No they didn’t. Got percocet. And they’ll be dosin that shit
till the day they’re dead. What’s that old sayin?
Send me home in my casket. Well, tell you what,
the minute I’ve gone and dropped off dead
and been laid to rest, you got my god’s honest say-so
to bust open my casket and stick a straw
up my ass and suck and see if you find any flavors
that taste just even a little bit like your goddamn tax dollars.
CLAUSEN’S DOG
We float the rubber lifeboat down the cul-de-sacs,
through the backyards of prefabs and ramblers
where the tops of small trees beckon like oil-
blackened hands. We’re looking for animals.
Dogs and cats and other pets left behind
because leaving them behind was the rule
during the evacuation. For hours there’s nothing.
Silence and the sculling of a plastic paddle.
The far-off gas station sunken past the pumps.
The hundred-year flood covering everything
three feet deep. When we find Clausen’s dog
it’s not where we were told to look. Not curled
on his roof, not barking from the glassless window
of his attic. When we find Clausen’s dog it’s tied
to a cinderblock with a choke-chain leash,
an earflap lapping softly at the surface.
The chain cinches down through loose neck
flesh to visible bone, a minnow hovers
in the eyehole. When we find Clausen’s dog
the colorless fur clumps like a stubble of bunchgrass
receding from the furrowed plains of the ribcage.
The bobbing sidemeat nibbled by perch.
Chunks glau
med away by turtles.
When we find Clausen’s dog the bone-paws drag
the bottom like lures, jerking forward
on the same wrist-hinge as the living paws
of a sleeping dog, whimpering, trying to run
inside a dream.
CHECKING FOR TICKS
Before I strip off my clothes I stoke
the fire with oak so the light will last.
I start with my arms, fingers running
the scar carved by the bunk bed’s lip.
Chest. Pits. The belly where surgeons
tempered my hernia, my mother rocking
in the emergency wing, praying
without words. Balls. Taint. Inner thigh.
I trace the shin where the bone broke
and growth plate popped out of place,
my brother lifting me to the Taurus
and gunning to Fargo Medical. The heel.
Eight grooves between the toes.
I close my eyes and do the next part
by feel, contorting to reach my back:
the blades, the ribs, the small, the hips.

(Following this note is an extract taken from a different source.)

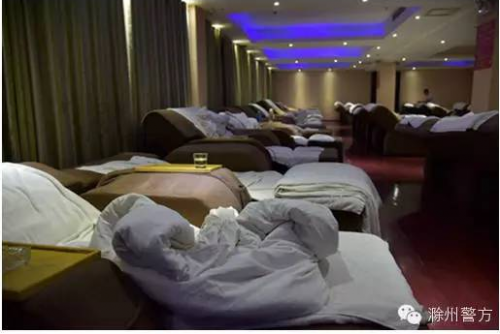 9月25日雨夜,安徽滁州警方異地用警,從明光、定遠、全椒調(diào)集20余名警力,對暗地里提供“特殊服務(wù)”的永慶浴場進行了暗訪突襲。

I scan my scalp where the concussion’s lump
still stands, those two nights my dad
stayed awake with me, my head in his lap,
a frozen ham held against the hill
in my hair. Cowlick. Widow’s peak.
Finally I find one hooked near my ear.
When I rip it free some of me comes away
with it: a crooked circle of translucent
skin larger than the tick itself.
I lean forward and blow it into flames.
LYLE CLEARS MY THROAT
Boone County, Kentucky
Fair warning: I gotta roll my mother
every half hour or so to curb bedsores,
but I wanna hear this story. Just keep
it down cause she’s asleep and I need
the door cracked to hear her heart.
Well, not her heart. The monitor is what
I listen to. It’s been a year this June.
I come upstairs and found her on the floor,
drove her to local before they coptered us
to the U. Let me roll her quick and you
can start your travelogue, which I’m dying
to hear. Where we’re at now, she can’t lift
her own arm, but if you lift it to start with
she can ease it back down real slow,
controlling the speed and choosing
where it lands, you know? They got her
on a food tube and all that, machines
tracking her heart and lungs, the works.